The employees who survive A.I.-fueled workforce reductions could be the ones who learn how to best work alongside technology. 

“I’m of the mind that A.I. isn’t going to replace people, but people who use A.I. are going to replace people,” Kara McWilliams, head of ETS Product Innovation Labs, which offers educators a tool that can identify A.I.-generated answers, told the Financial Times earlier this year.

“Unquestionably, many of the tasks in white-collar land will look very different in the next five to 10 years,” Mustafa Suleyman, who cofounded the A.I. lab DeepMind, told attendees of the GIC Bridge Forum in San Francisco this week. “There are going to be a serious number of losers [and they] will be very unhappy, very agitated.” 

In addition, there could be more pressure from bosses to do more in a day thanks to A.I. James Clarke, the CEO of digital marketing firm Clearlink, recently told his staff: “Many content writers today are now exclusively using A.I. to write.

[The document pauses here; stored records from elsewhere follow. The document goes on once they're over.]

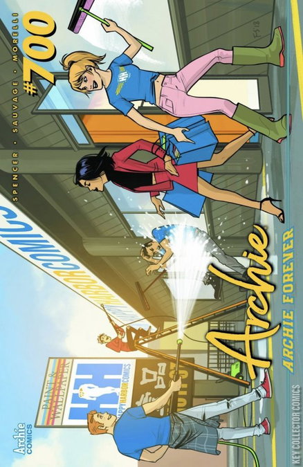 A brand new era of ARCHIE begins in this landmark 700th issue of our flagship series! Join the new creative team of writer Nick Spencer (The Amazing Spider-Man) and artist Marguerite Sauvage (DC's Bombshells) as they take a trip to Riverdale and bring Archie, Betty & Veronica, Jughead, and the rest of the town along for a wild ride complete with new mysteries, new relationships, and much more!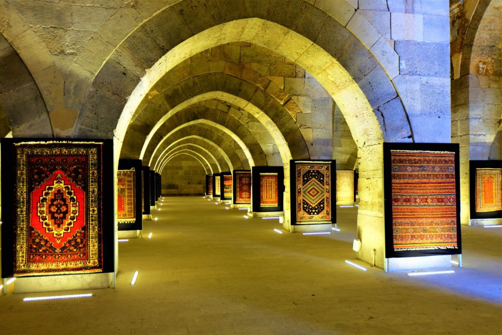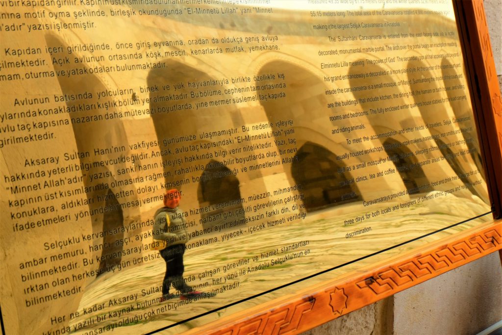 Die Nacht war „arschkalt“, so um die 3°C. Wir brechen schnell auf, da vor uns gute 400 Kilometer Strecke liegen bis wir Kappadokien erreichen. Im Ort Sultanhani schauen wir uns die Karavanserei an. Von außen beige vor grauem Himmel, doch innen bunt und stimmungsvoll vor lauter bunten Teppichen.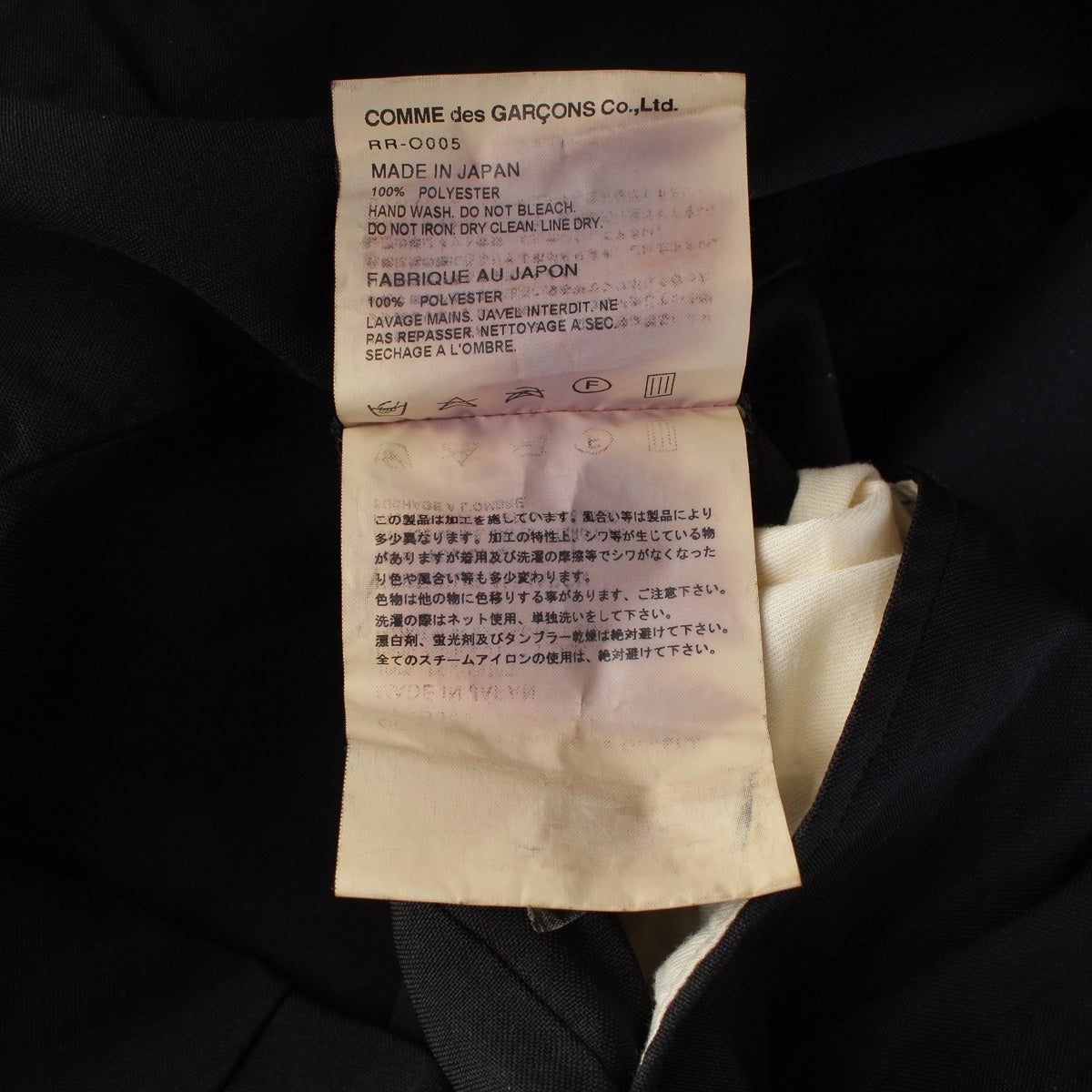 Front: Stains present Back: Stains present Collar: Wrinkled Sides: Frayed Inner: Stains present、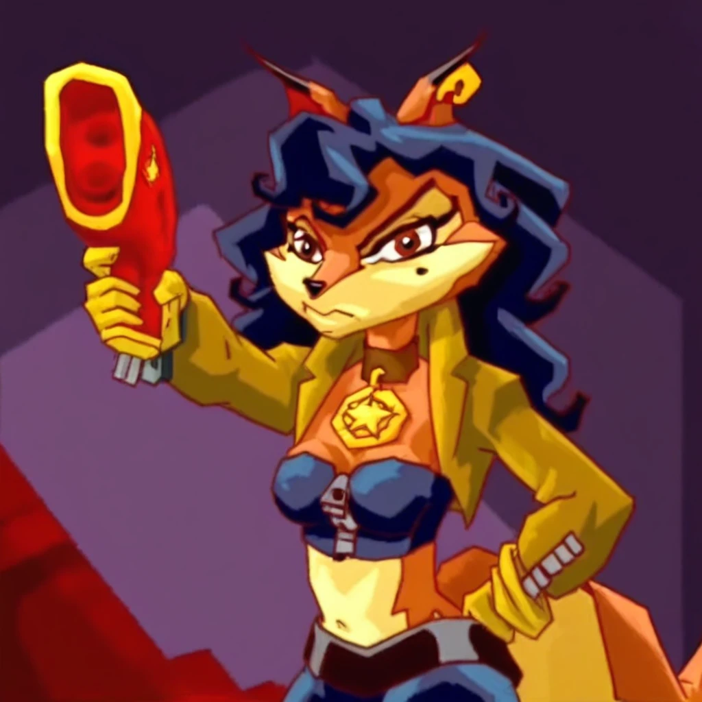 muddy-brown jacket, Cop badge, gold hoop earring, dark blue tube top, midriff, dark blue leggings,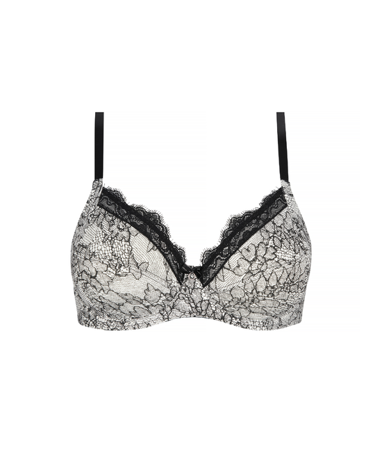 3-delige beugelbeha Met beugel Zonder vulling Extra steun door zijpand In bedrukte maille zeer zacht. Kant aan decolleté Verstelbare schouderbandjes Haak- en oogsluiting, drievoudig verstelbaar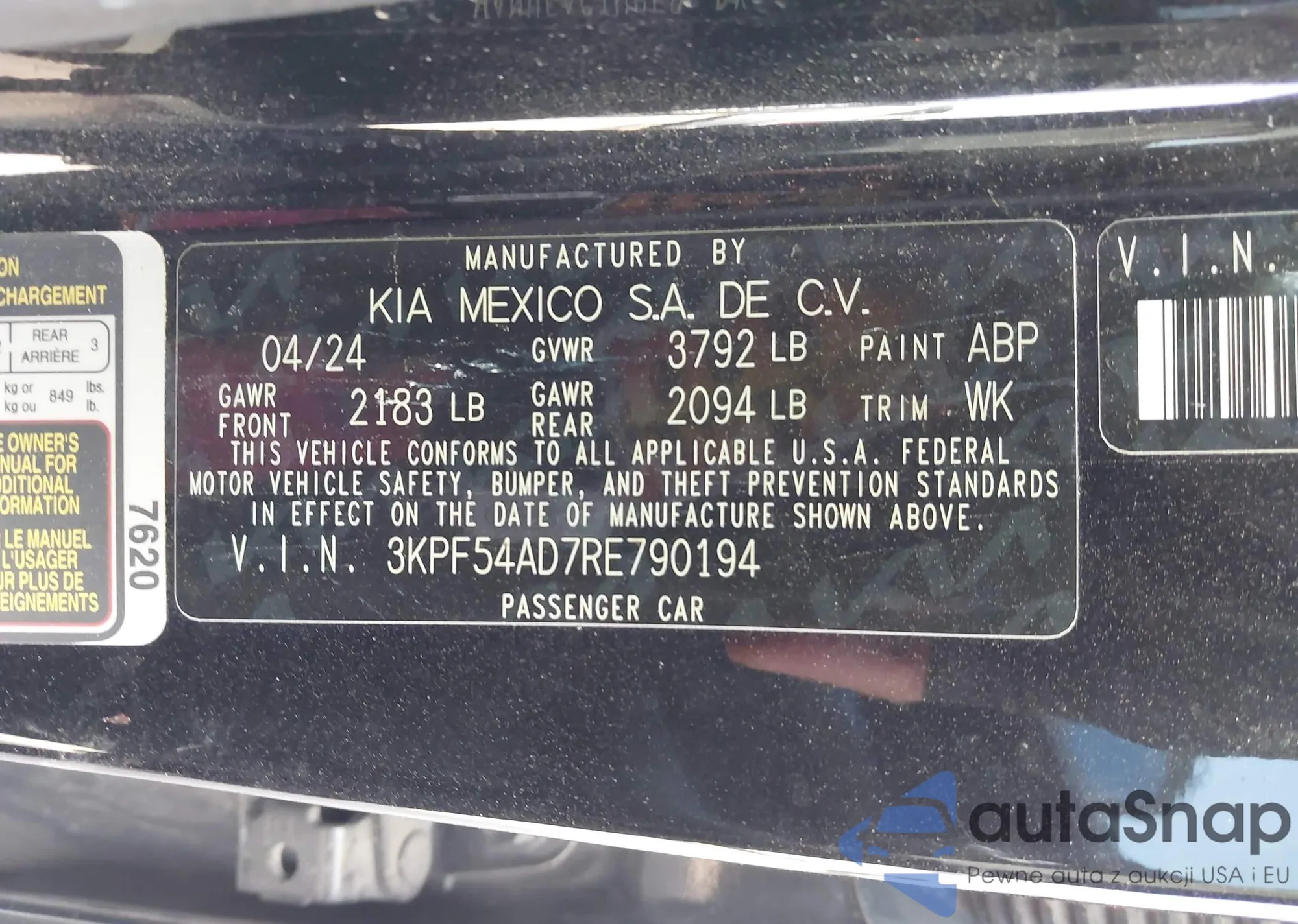 Автомобиль Kia Forte 2024 (VIN 3KPF54AD7RE790194) ранее не участвовал в торгах. Документы чистые, пробег соответствует или ниже среднего по рынку. Продаётся страховой компанией — рекомендуем покупку. Доставка в порт займет около 6–8 недель.

I can do that in about 30 minutes of an eight-hour workday. So what do we need to do? Let’s put out 30 to 50 times our normal production.” 

Asked on This Week in Startups how much of the work currently done by humans could be offloaded to tools like GPT-4, Hoffman said it depends on the job. But if you’re doing something like writing reports, for instance, or taking minutes, “then your answer is probably 50% to 80%…what used to take you three hours to do will now take you 15 minutes.” 

Hoffman added on a hopeful note that an employee might well use the extra time to make a report “a lot better within that time frame.” 

Whether the boss will need it to be any better is an open question.